BACKGROUND: Physicians who attend international conferences cover their content on social media. Such posts generate an active response and discussion in the comments involving other physicians. Attending all conferences when they are held simultaneously is impossible; therefore, brief communications that capture the essence of a missed presentation are in demand, generate an immediate response, and quickly raise awareness of new clinical research and scientific data. This phenomenon was not studied in Russia. However, the posts were analyzed and the activity and interest among Russian physicians were evident.
 AIM: To investigate how frequently Russian physicians use available social networks to share information from scientific conferences with their colleagues.
 METHODS: The search for posts for the last 412 months in Russian social networks such as VKontakte (vk.com), VrachiRF (vrachirf.ru), and Doctor na rabote (doktornarabote.ru) by report, conference, congress, symposium, and medical conference keywords was conducted. The selected recordings were classified into 6 categories (conference announcements; reports of past conferences without disclosing the content; professional journalistic reports, disclosing the content; reports from physicians, disclosing the content; videos of reports with disclosure; videos of reports without disclosure) and counted (1373 posts in total). However, the category Reports from physicians revealing the content of some selected parts of the report and facts and ideas presented in the report was given special attention due to useful information from the conferences and a reason to discuss in the comments. In addition, relevant studies by authors from other countries were analyzed and compared with our results.

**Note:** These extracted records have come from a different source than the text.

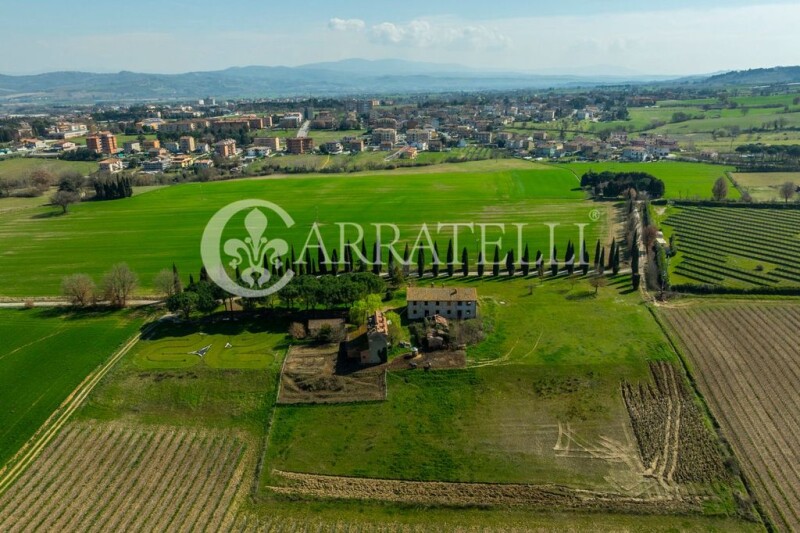 Marsciano, beautiful farmhouse of about 450sqm with land of about 1.5 hectares. Description: Just a stone's throw from the conveniences of the center of Marsciano and yet immersed in the quiet of a sunny plain, this large-square-foot property is currently divided into 4 portions, surrounded by a verdant garden with a tree-lined and well-kept entrance. The main building of about 450sqm has already been renovated in terms of earthquake-proofing and wall insulation, while the interior is still completely unfinished and customizable. The internal subdivision is tentatively composed of 4 large rooms on the ground floor, topped with exposed beams, and 3 rooms plus a large living room on the second floor, while the main staircase also gives access to an attic attic overlooking the living room through a window. The annex of about 50sqm has been renovated and partially furnished and includes a kitchen, a bathroom and a large open space room; the latter, very bright, could serve the function of an annex for any cohabiting servants or visiting relatives or friends. There are two other outbuildings, respectively of about 160sqm and 40sqm potentially intended for tool storage or potential SPA. Outdoor Spaces: The 1.5-hectare garden is prepared for the construction of a swimming pool, the land and the entire property are in a flat and fully lit area, while in the distance you can see the hills of the Umbrian Apennines. A few meters away from the property there is a nature walk that reaches a small pond. It is also available, not included in the price, a plot of about 1 hectare 20 minutes away, including 1050sqm of building land on which a building project has been approved for the construction of about 7 cottages. Condition and Finishes: The main building and an annex have both been renovated, while the interior of the main house is still completely unfinished with ceilings characterized by typical exposed beams. The additional 2 annexes are ruins completely to be restored. There are 2 wells, and the utilities need connection. Potential uses: The structure lends itself to be a prestigious home, with a reference to the ancient style of Umbrian farmhouses thanks to the reuse of nineteenth-century materials. However, it represents an investment opportunity for those who wish to create an accommodation business that can immerse guests in the tradition of the area. Location: Surrounded by greenery and a short walk from the services of the town of Marsciano, this property enjoys an interesting location for those who want to live in nature and privacy. Its location allows you to experience the traditional historical events of the town, and to explore famous well-connected cities such as Perugia, Castiglione del Lago, Orvieto, Cortona, Florence, and Rome.
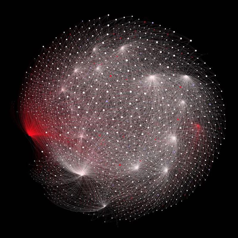 It is no surprise that Twitter has since suspended one in 20 prominent accounts in this #ArsonEmergency network. The figure below shows the follower network for these accounts, filtered to focus on the most prominent nodes (accounts with more than 20 in-links or “follows” from other accounts). Suspended accounts are shown in red (6% of total), deleted accounts are blue (5% of total), and active accounts are white (89%).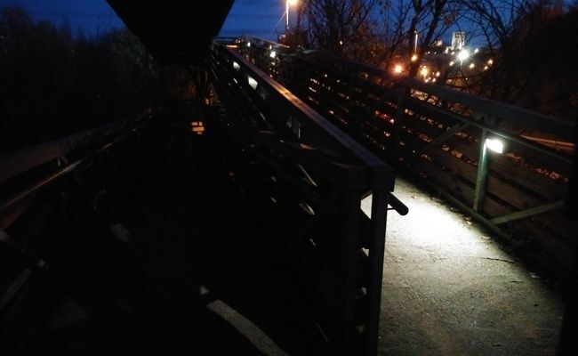 La pasarela que conecta el barrio de San isidro con el resto de la ciudad mantiene, desde hace tiempo, tramos completamente a oscuras, que la convierte en un paso peligroso para los vecinos, tanto por la inseguridad de tener que atravesarla sin luz o usando la linterna del móvil, como por la posibilidad de accidentes sobrevenidos por esta causa.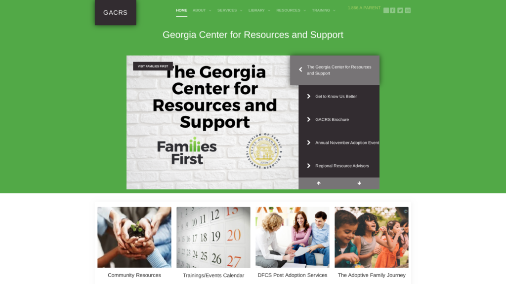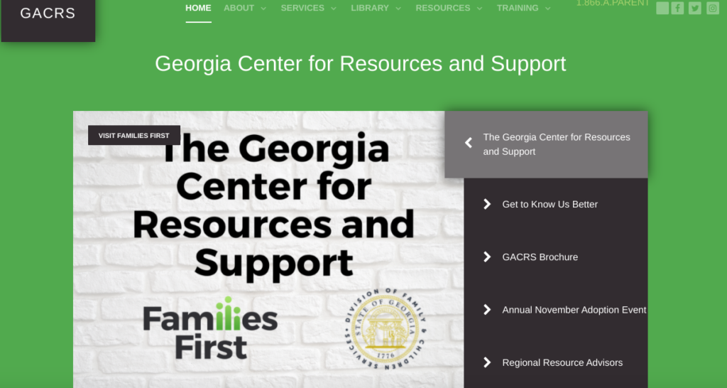 The Georgia Center for Resources and Support (GACRS) was designed in 2001 by the Georgia Division of Family and Children Services to assist in strengthening Georgia’s adoptive and foster families. It is managed by Families First that for the last 130 years, has provided empowering solutions for Atlanta’s most vulnerable population by strengthening and sustaining families. In 1890, Families First started as an orphanage on the westside of Atlanta and in 1937 became the first licensed adoption agency in the state of Georgia.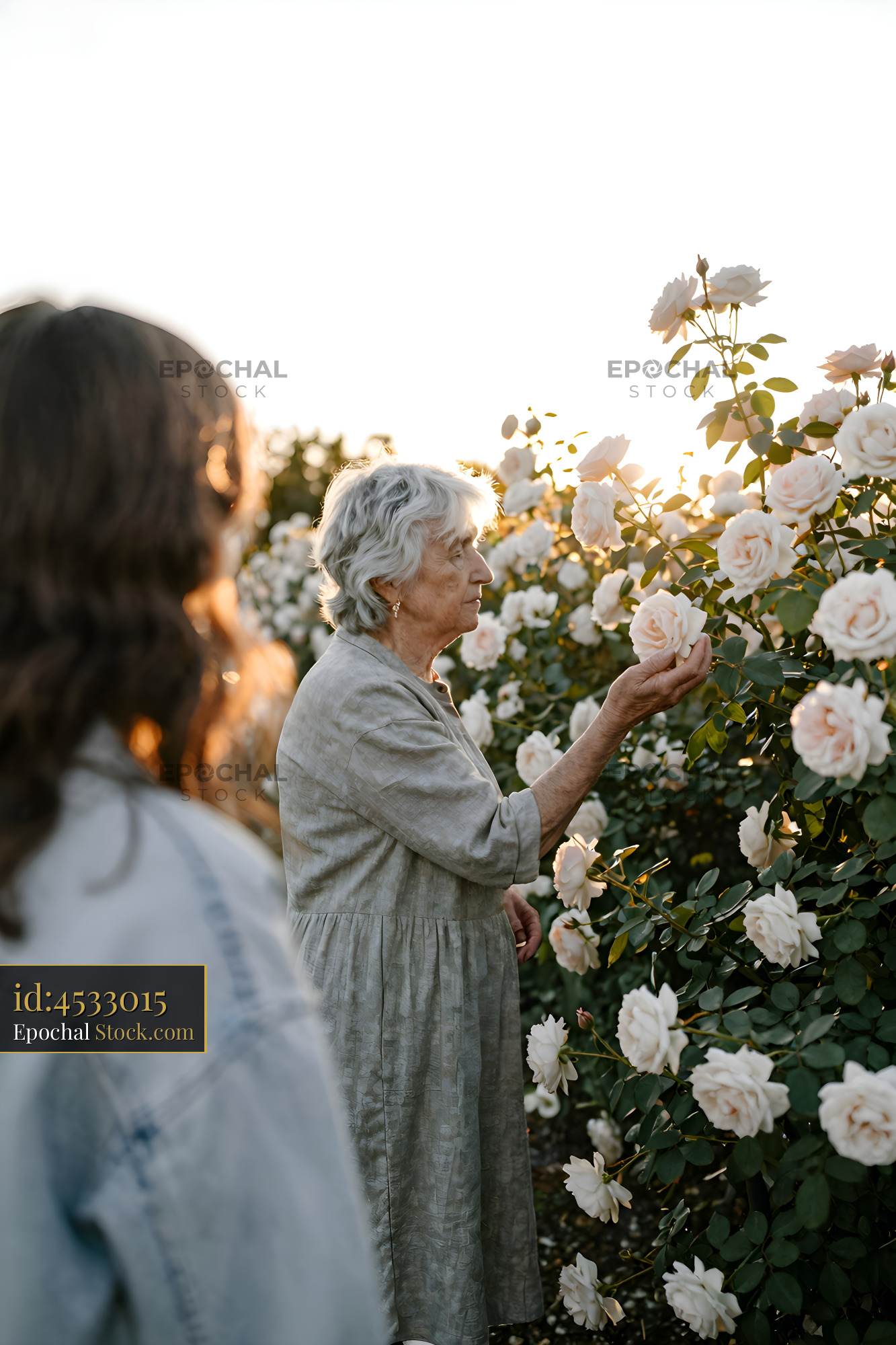 A woman examines a white rose in a garden filled with blooms as the sun sets. Another person stands nearby, watching her enjoy the flowers and the moment.

 RESULTS: A total of 1,373 posts (searched by keywords), of which 65 were in the category Reports from physicians revealing the content of some selected parts of the report and facts and ideas presented in the report was reviewed. The number of such posts is limited; however, this information is of interest to physicians (high number of views and dozens of comments). By comparison, the number of such messages in other countries may reach into the hundreds at a single conference alone. Based on foreign experience, the discussion of the reports on social networks helps both to spread new knowledge and facilitate joint learning and interaction among physicians, which contributes to the generation of useful material that passed peer review. Possible reasons for the low number of such posts on Russian social networks are as follows: mostly messages and discussions take place on professional social networks (VrachiRF and Doctor na rabote), foreign organizers actively encourage participants to use social networks with conference hashtags, and the multimillion-speaking English-speaking audience encourages authors to write more posts with their feedback.
 CONCLUSIONS: Physicians quite rarely share facts presented at Russian scientific medical conferences on Russian social networks. However, users of social networks show considerable interest and actively discuss such posts. The study of this phenomenon will enable the assessment and effective use of its educational potential.